▶ _EXERCISE DETAILS_
Transcribe each line below verbatim; pictures excluded.

▶ _DATASET CONTENT_
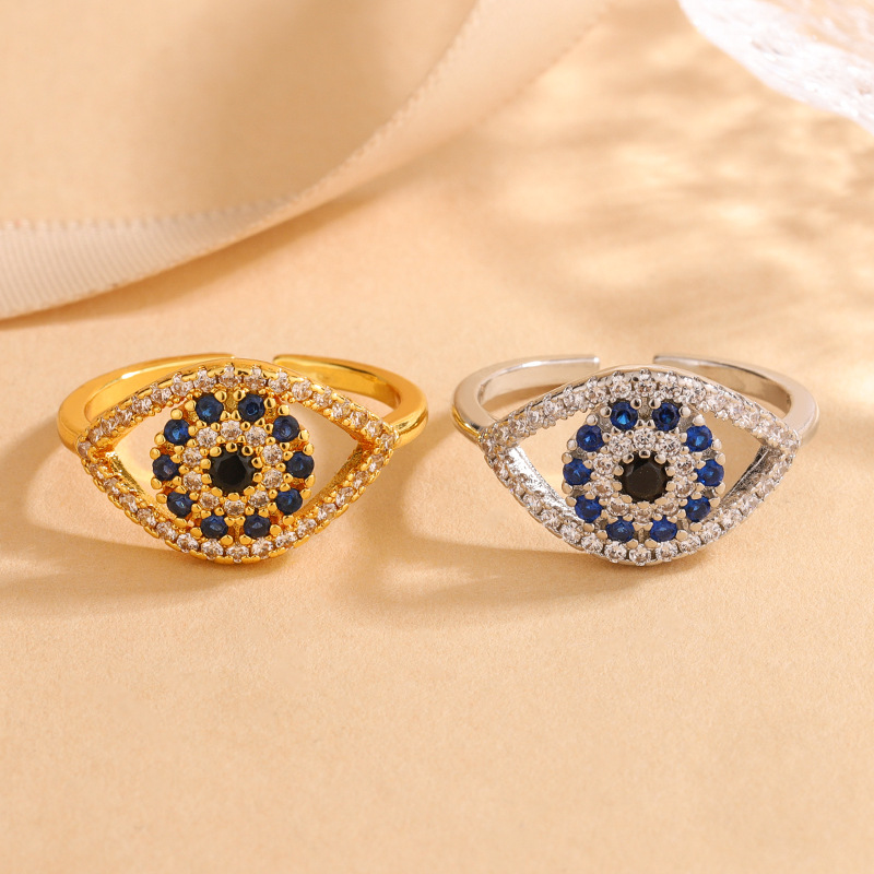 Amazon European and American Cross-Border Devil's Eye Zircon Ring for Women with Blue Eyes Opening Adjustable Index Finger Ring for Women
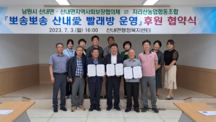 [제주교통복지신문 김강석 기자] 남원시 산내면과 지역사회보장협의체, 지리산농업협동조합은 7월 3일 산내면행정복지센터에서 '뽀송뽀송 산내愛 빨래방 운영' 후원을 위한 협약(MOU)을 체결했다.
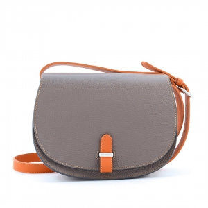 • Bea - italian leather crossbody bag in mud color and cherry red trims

▶ _ANSWER TO THE EXERCISE_
 Amazon European and American Cross-Border Devil's Eye Zircon Ring for Women with Blue Eyes Opening Adjustable Index Finger Ring for Women
 [제주교통복지신문 김강석 기자] 남원시 산내면과 지역사회보장협의체, 지리산농업협동조합은 7월 3일 산내면행정복지센터에서 '뽀송뽀송 산내愛 빨래방 운영' 후원을 위한 협약(MOU)을 체결했다.
 • Bea - italian leather crossbody bag in mud color and cherry red trims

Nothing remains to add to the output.